Correspondence following the involvement of this Service
- On 23 February 2022 the resident advised the landlord that she disagreed with its stage 2 response as follows:
- It had not followed the list of agreed items to move from the former property.
- It had made her sign the disclaimer form before any items were taken into the current property.
- She had mentioned broken and missing items during the telephone call with the landlord on 4 January 2021.
- It was not condensation and some of her furniture still smelt of damp.
- She did not refuse to sign the tenancy information form. Instead the landlord had said that she did not need to worry as it would be extended.
- She did not receive a video call from the landlord as arranged. It had been arranged for 1pm but the landlord called at 10:15am.
- On 19 September 2023 the resident spoke to this Service and said as follows:
- When the landlord called her on the day of the removals, it was to say that the removal company had almost finished. It did not discuss any of the items with her as it had said it would.
- The landlord asked her to sign the key hand over form quickly as the member of staff had to get to an appointment.

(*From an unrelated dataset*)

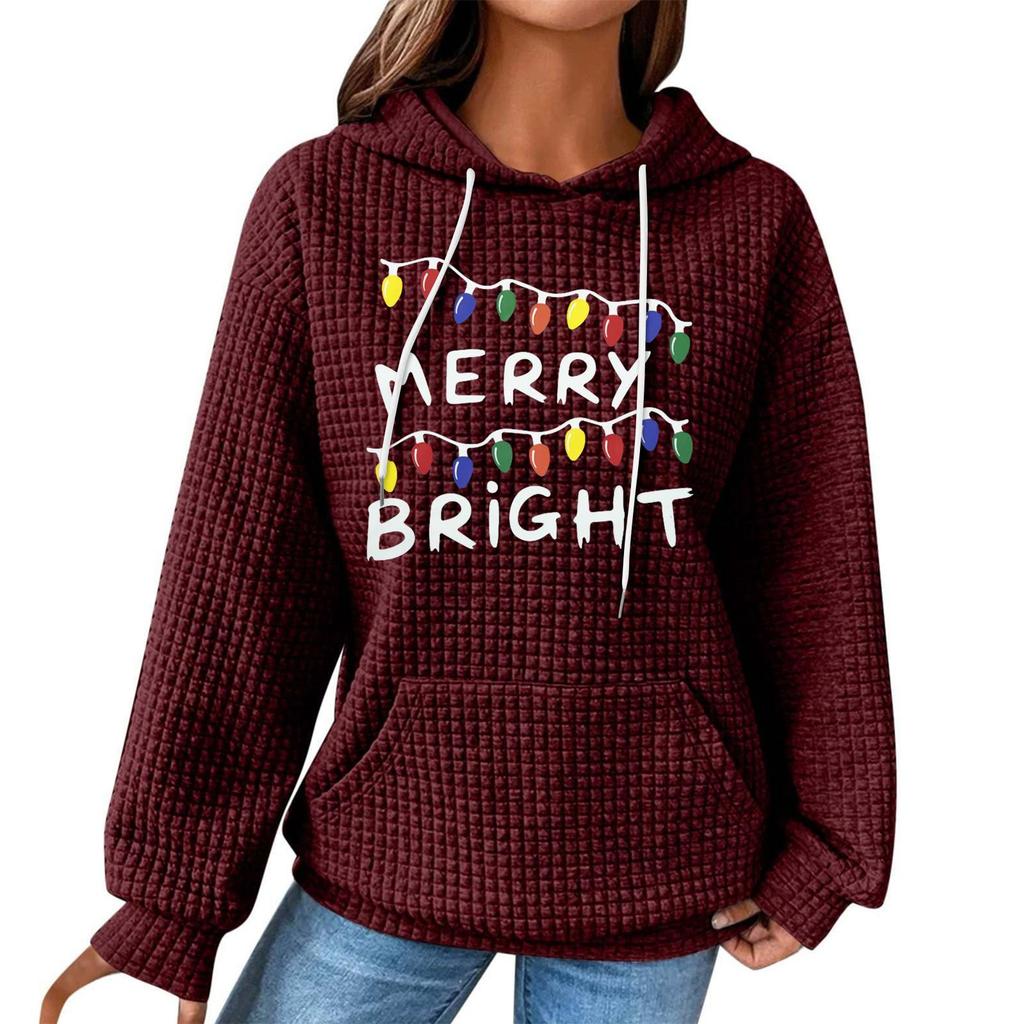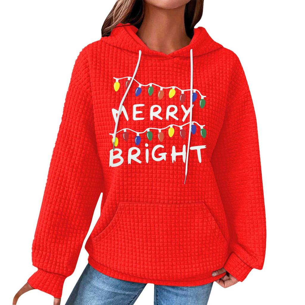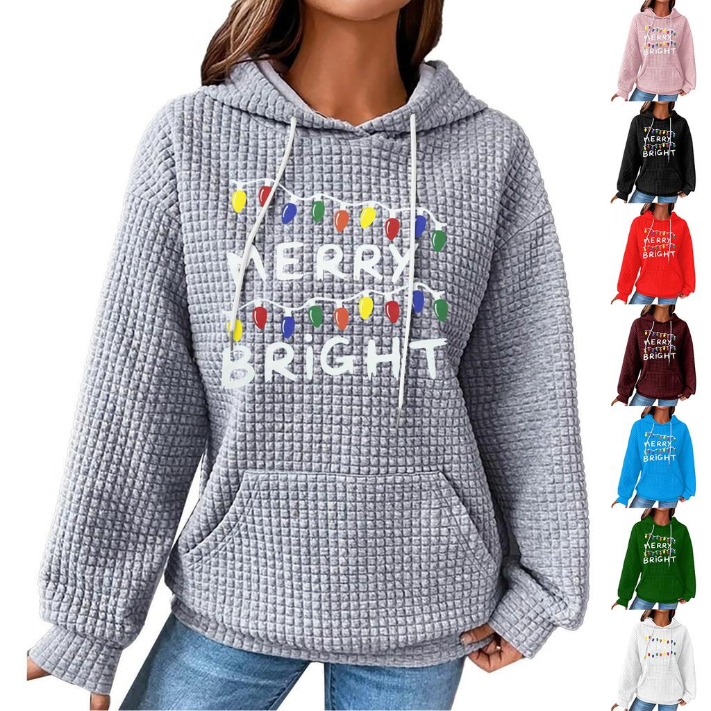 Женский модный свободный пуловер с капюшоном, длинными рукавами, клетчатый свитшот с кулиской, со спущенным плечом, карманом, рождественским принтом

She did not know that she was signing about the items and she was asked to sign it before any of the items had been brought into the current property. When she tried to follow this up with the member of staff her messages were not responded to.
- The landlord did not acknowledge the loss of the items or ask how it had made her feel. The items included unique wooden puppets, a number of sentimental ornaments, her mother’s wedding ring and anniversary items. The landlord did not discuss the kitchen store room with her which is where these items were stored.
- After she had advised the landlord about the mould it did not re-inspect the former property at any point. She went to a hub to report the mould again but the member of staff she had spoken to no longer worked for the landlord.
- She said that the mould at the former property had been in every room and walls below the windows were black with mould. She also said there was furry mould on the bed which was where her partner had been sleeping prior to his death.
Assessment and findings
Scope of investigation
- The resident has said that she believes that the damp and mould at the former property caused her partner’s death. Whilst this Service acknowledges the resident’s views, it is beyond the remit of the Housing Ombudsman to decide whether there was a direct link between the damp and mould and the resident’s partner’s health. The resident therefore may wish to seek independent advice on making a personal injury claim if she considers that her partner’s health had been affected by any action or inaction of the landlord.
- Whilst this investigation cannot decide on the causation of health conditions, it has considered if any general distress and inconvenience was caused to the resident as a result of errors by the landlord.
The termination of the resident’s former tenancy
- The resident had accepted the move to the current property which the landlord had arranged in order to support her as she felt vulnerable in the former property. The resident was aware that the landlord had given her notice to end the tenancy at the former property in September 2020 as she raised concerns that the current property might not be ready in time.
- The landlord acknowledged to both the resident and this Service that as the resident was not present during the transfer visit at the former property, it did not get written notice from her. It acknowledged that it should have followed this up to get this in writing. Where something has gone wrong, this Service expects the landlord to try to put things right. It is noted that the landlord was transparent in its acknowledgement of its error. It also noted that the resident had not been disadvantaged by this.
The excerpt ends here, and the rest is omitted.